Change the backing plate?


----------



## problematique (Aug 8, 2022)

I could potentially do that but it wouldn't help with the jacobs chuck. I'm guessing that someone makes an adapter. Hoping someone here knows or has been in this situation before


----------



## brino (Aug 8, 2022)

Robert D. (@wa5cab) knows everything related to Atlas/Craftsman.
Perhaps this reference will have him chime in with the correct original thread for that spindle.

Brian

EDIT: ...and almost forgot.... @problematique - Welcome to the group!


----------



## problematique (Aug 8, 2022)

Thank you brino! I'm a newbie to machining but have been a mechanic/pdr guy for decades. I'm hoping to make this my new hobby.


----------



## mickri (Aug 9, 2022)

Welcome to the forum.  We are a friendly bunch.  You will get answers to your questions.

wc5cab will know the answer to the spindle thread.  I believe that the earlier models had 1"x8tpi spindles whereas the later models had 1"x10tpi spindles.  Your lathe should have a 1"x8tpi spindle.  How do the threads look on the Jacobs chuck.  I doubt that a 1x10 chuck would even start to go on a 1x8 spindle.

It is fairly simple to make an adapter for a chuck.  It would be a good learning experience for you.  

Pictures.  We love pictures.  Show us what you got.


----------



## markba633csi (Aug 9, 2022)

The 07301 is a sleeve bearing lathe with 1" x 8 tpi spindle.  You can count the threads and measure with a micrometer to be sure. 
The Jacobs chuck might have a damaged thread.  If the 3-jaw has a removable backplate you can fit it with a new one.
Pictures! We like pictures!
-Mark


----------



## problematique (Aug 9, 2022)

Thanks for all the replies! I promise that i'll post pics. I just borrowed a thread gauge from one of my buddies and it's definitely 8tpi on the lathe. The thread gauge fits the adapter and the chuck as well. There must be a damaged thread in them and I can't see it. I'm going to try to find someone in my area that may have a 1"x8tpi tap that'll run it through both and see. I know the lathe is fine because the four jaw and big plate spin on freely. I'll post pics later.


----------



## mickri (Aug 9, 2022)

If you can't find a 1x8tpi tap you could try picking up the thread by turning the lathe by hand.  I have done that before to clean up an internal thread.  It shouldn't take too much force to clean up a thread.  There is probably just a big enough burr to foul things up.  Or maybe some swarth stuck in the threads.

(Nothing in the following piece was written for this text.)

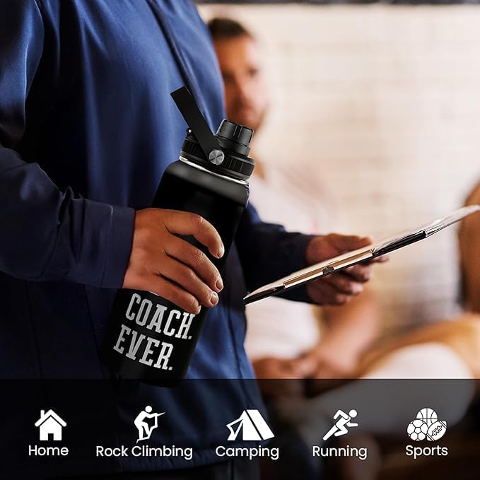Sport Coach Insulated Engraved Stainless Steel Water Bottle 32oz, Best Coach Ever, Vacuum Chug Lid Travel Tumbler For Men Friends Coaches, Gift for Birthday Christmas

You could even try holding a threading tool bit and run it in the threads.

Put some dykem on the threads.  Then try screwing chuck on the spindle.  Whatever is keeping the chuck from screwing on will show up.


----------



## problematique (Aug 9, 2022)

Okay, here is my new toy and my issue. I pulled it apart to put a belt on it. It came with chucks and multiple drill style chucks plus some indicators and other stuff.


----------



## problematique (Aug 9, 2022)

Sorry for the messy bench. The large plate and the four jaw fit fine and thread all the way on. I just dont have it seated in the pic


----------



## mattthemuppet2 (Aug 9, 2022)

Nice! I had one just like that for a short while. They're good little lathes. The 1*10tpi backing plate is for an Atlas 618 or equivalent Craftsman, not the 7301. Might be worth putting up a "want to trade" for a 1*8tpi back plate


----------



## problematique (Aug 9, 2022)

mattthemuppet2 said:


> Nice! I had one just like that for a short while. They're good little lathes. The 1*10tpi backing plate is for an Atlas 618 or equivalent Craftsman, not the 7301. Might be worth putting up a "want to trade" for a 1*8tpi back plate


I got to borrow a thread gauge today and the whole thing is 1”x8tpi thank goodness. The backing plate and four jaw fit fine. Another friend of mine said he’s going to send the right tap with his wife, so i’ll pick that up at church tomorrow and see if the three jaw and jacobs clean up and fit.


----------



## mickri (Aug 9, 2022)

In the picture of the back of the chucks you can see some marks on the threads on the upper right side of the picture of the jacobs chuck.  Don't know if that is enough to keep the chuck from screwing onto the spindle.


----------



## problematique (Aug 9, 2022)

mickri said:


> In the picture of the back of the chucks you can see some marks on the threads on the upper right side of the picture of the jacobs chuck.  Don't know if that is enough to keep the chuck from screwing onto the spindle.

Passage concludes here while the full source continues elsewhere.